The description hinted that there was something risqué about the full photo, which of course I immediately sought out:

Carole Lombard with John Barrymore

Her partner in crime here is John Barrymore, and this turns out to be a publicity still for Columbia’s 1934 comedy Twentieth Century, much of which is set on the fabled 20th Century Limited train between New York and Chicago. The key number here is 1934, that being the year that the Production Code was first enforced, and needless to say, the Hays Office would have had a problem with this sort of thing.
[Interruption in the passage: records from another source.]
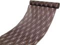 落ち着いた印象の深い茶色の地色に、金茶色のストライプ模様が染められ、その間には絣風の模様が白く染められています。ところどころには小花模様も描かれています。
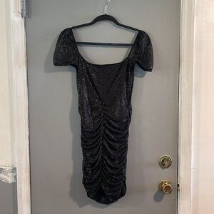 Lucy in the Sky Black Ruched Mini Dress Size L
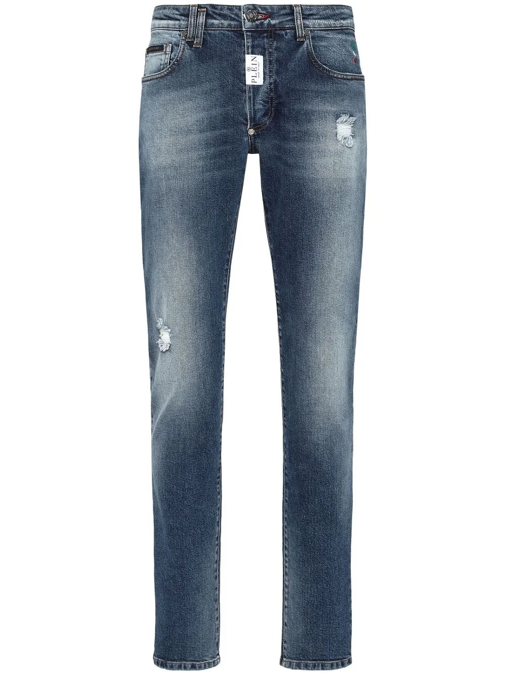 logo-patch straight-leg jeans Highlights - Indigo blue - Cotton - Denim - Logo patch to the front - Washed - Front button and zip fastening - Belt loops - Classic five pockets - Straight leg Made in Italy Composition Cotton 100% SIZE & FIT FittingInformation Designed for a slim fit, these jeans offer a comfortable fit that sits just away from the leg Constructed from stretch denim, this piece offers a stretch fit with durability
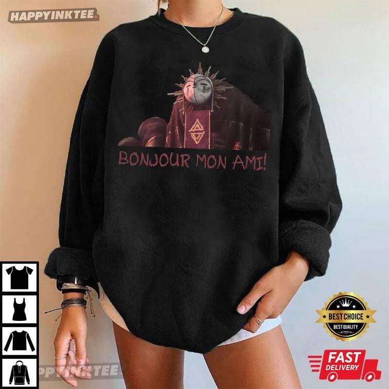 “Bonjour Mon Ami” captures the vibe of the game’s lovable character Esquie, who welcomes players with a friendly touch in a mysterious world. Our Expedition 33 shirt is just what fans need to show off their love for the game and its cool vibe.

This image wasn’t in the actual film, though, so it fell under the jurisdiction of the Advertising Advisory Council, headed by Joseph I. Breen, later the Production Code’s chief enforcer. An explanation, plus a larger version of the photo:

One wonders which more drew the wrath of the moralist Breen: the acres and acres of lovely Lombard leg on display, or the hint of a nipple just above Barrymore’s hand. Maybe both were equal opportunity offenders. And perhaps Carole and John knew this picture wasn’t going to pass muster anyway, so instead they decided to milk it for all its worth, sort of along the lines of Jean Harlow flashing a topless display “for the boys in the lab” at the end of her rain barrel scene in Red Dust two years before.

Oh, my, yes, Red Dust (MGM, ’32). Even in the surviving footage, the normally unflappable Clark Gable seems seriously flapped.